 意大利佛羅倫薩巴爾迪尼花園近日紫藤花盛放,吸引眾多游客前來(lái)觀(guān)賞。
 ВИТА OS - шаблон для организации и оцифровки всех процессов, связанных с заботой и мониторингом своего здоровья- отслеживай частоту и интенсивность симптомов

==

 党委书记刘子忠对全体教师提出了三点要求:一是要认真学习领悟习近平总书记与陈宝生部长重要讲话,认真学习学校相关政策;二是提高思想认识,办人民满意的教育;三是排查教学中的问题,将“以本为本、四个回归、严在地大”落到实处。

--

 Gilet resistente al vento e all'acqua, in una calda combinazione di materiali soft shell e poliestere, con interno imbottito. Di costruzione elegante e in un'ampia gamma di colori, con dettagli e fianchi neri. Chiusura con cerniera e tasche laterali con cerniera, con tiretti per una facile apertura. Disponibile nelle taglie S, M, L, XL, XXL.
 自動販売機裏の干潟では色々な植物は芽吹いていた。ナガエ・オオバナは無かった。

- INSTRUCTIONS TO FOLLOW -
Quote the listing above, but only from the line that shows "意大利佛羅倫薩巴爾迪尼花園近" through the line that shows "ВИТА OS - шаблон".

- ANSWER BELOW -
 意大利佛羅倫薩巴爾迪尼花園近日紫藤花盛放,吸引眾多游客前來(lái)觀(guān)賞。
 ВИТА OS - шаблон для организации и оцифровки всех процессов, связанных с заботой и мониторингом своего здоровья- отслеживай частоту и интенсивность симптомов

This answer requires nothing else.